I get my chips from True Value hardware.  there are a few locations in the metro.  Also i get some smoke trays for smaller smokes at a gourmet shop called Gourdo's.  smoke trays are only about 60 pesos, and depending on your smoker they last a couple hours at most.  The chips are chunks, charbroil brand.  5 pound bags about 500 pesos if you get lucky they go on sale sometimes.  hickory,applewood, mesquite.  They also have some of the tabasco barrel chips and whisky barrel chips.  As for kitchen aid mixers, you can find them at western appliances or gourdo's, price is about 30k pesos, for the high end mixer, the smaller "pretty" machines with less power will run you about 25k.  As for cure 1, am not really sure what percentage nitrite that contains, i didn't start until i got here on smoking and curing.  I personally use this pink salt i got from MGM Foods, sort of a food chemical warehouse, located near SM Megamall.  If you have experience with cure 1 and are travelling back and forth regularly then you may as well try to bring it... something about powder in plastic i try to avoid when travelling personally.  The pink salt i use is 3.75 percent nitrite so it gets the job done.  Back to the mixers... the recent trend is actually away from kitchenaid, personally i don't subscribe to that, they seem to like Breville brand now, its more electronic then the kitchenaid, thats my thing against that i guess, electronics and powders and liquids just don't seem to be a great idea to me.  They are also about 30k for the base model and no idea what bells and whistles they have available.  If you have any other questions feel free to hit me back.


----------



## junkcollector

Thanks for the info man. I really appreciate it. There is a SM on the way into CDO from the airport so we can just stop there and pick up the chips and a few other nick nacks we want to get. 

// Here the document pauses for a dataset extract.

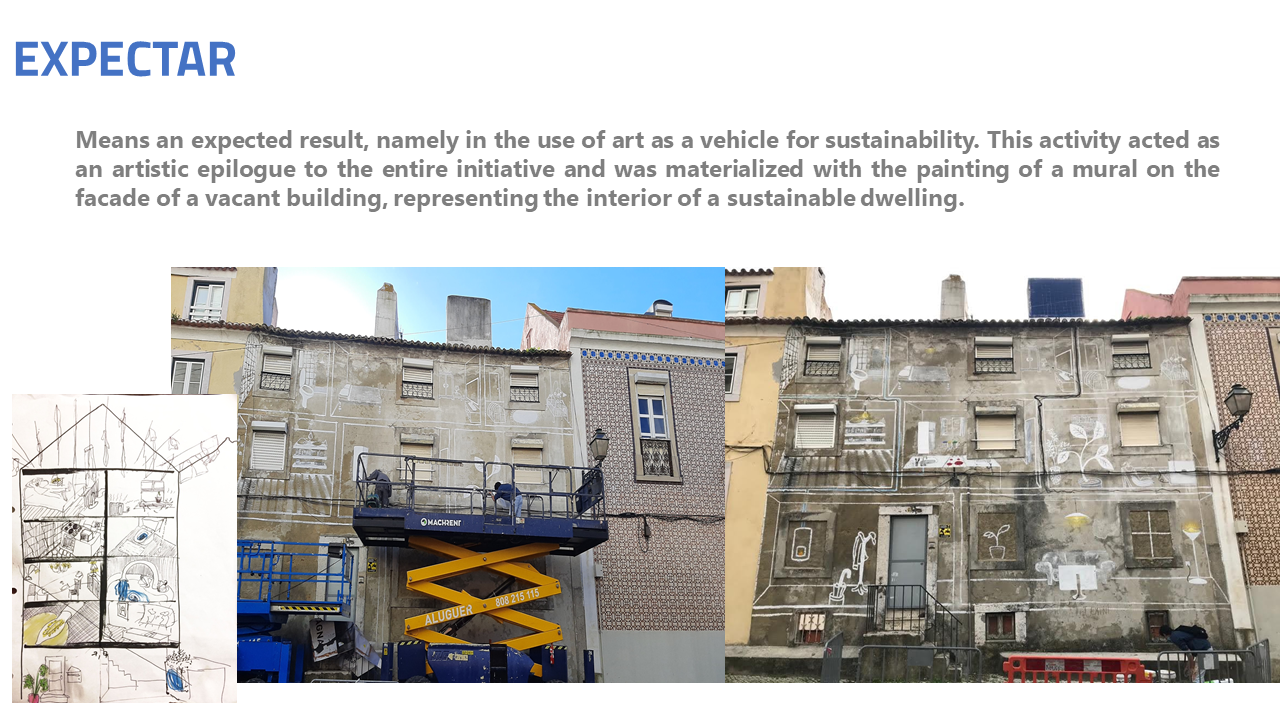 The last action Expectar (fig. 5), means an expected result, namely in the use of art as a vehicle for sustainability. This activity acted as an artistic epilogue to the entire initiative and was materialized with the painting of a mural on the facade of a vacant building, representing the interior of a sustainable dwelling.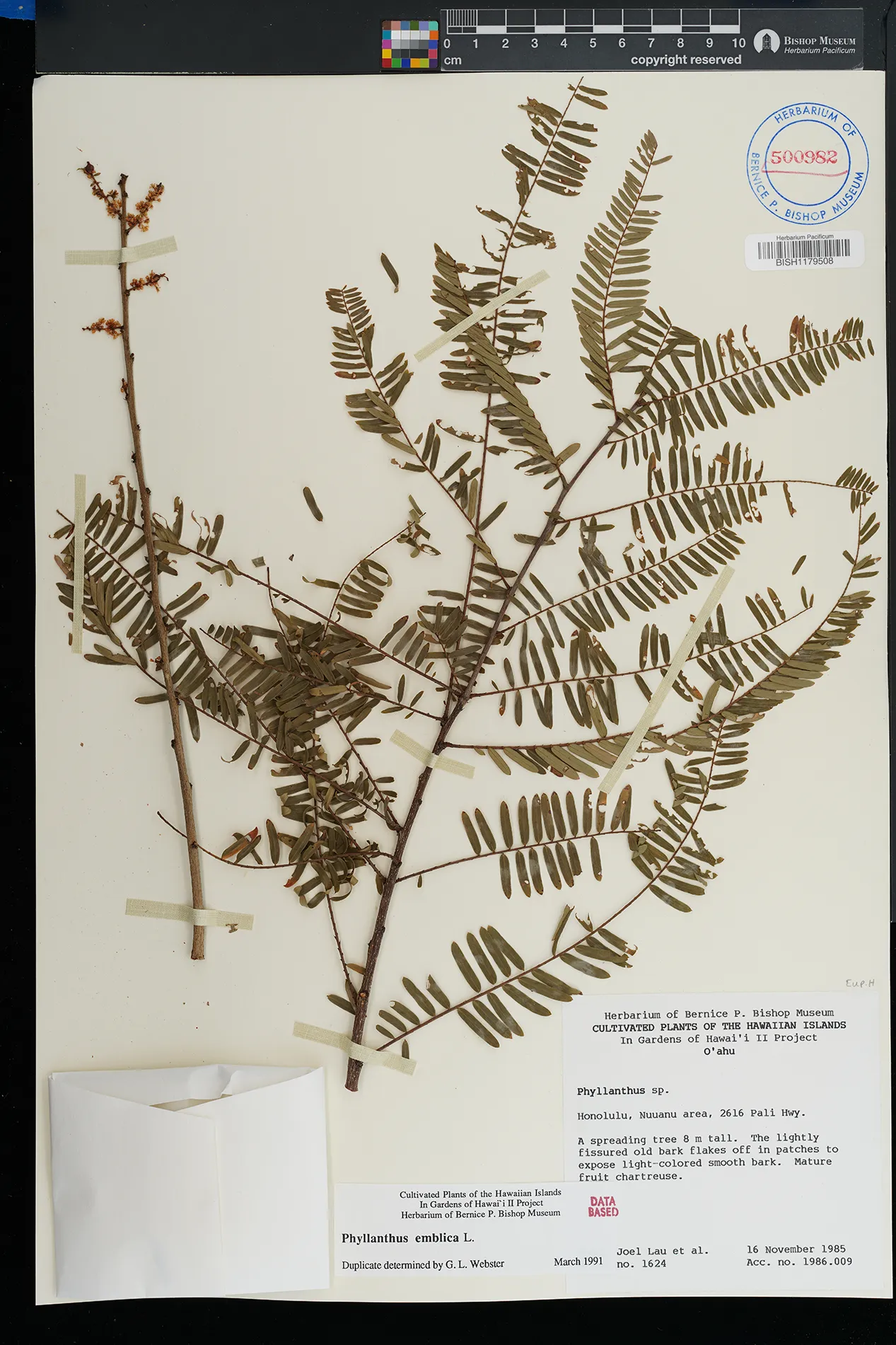 | 11 | Phyllanthus emblica | L. | Honolulu, Nuuanu area. 2616 Pali Hwy | PRESERVED_SPECIMEN | Lau, J. | 1624 | Oahu | BISH | 11/16/1985 | |

I've already got cure 1 that I'm planning on bringing with me. 

WOW, $30k for a mixer!!!
	

	
	
		
		



		
		
	


	





  I do believe that we'll just kneed pizza dough and bread by hand for the time being. 

I truly don't remember, is the herb/spice selection pretty good over there or should I figure on bringing my own bratwurst/italian/kielbasa seasoning from here?

Thanks a lot!

Louie


----------



## tatoosh

Hi, glad to hear there is another smoker in the Philippines!  And super to hear about your bacon business!  I love the bacon and make it twice a month.  I started out using the trays you talk about, found at Living Well in SM Mall of Asia, which is owned or associated with Gordo's.  Local woods would be great but ... and a big but ... Filipinos have a whole different set of agricultural and arbor practices, often involving bunches of pesticides.  Not saying all of them, but I've been warned off Mango by numerous sources for that reason.  If you can find guava and pili nut wood, those work well, I am told.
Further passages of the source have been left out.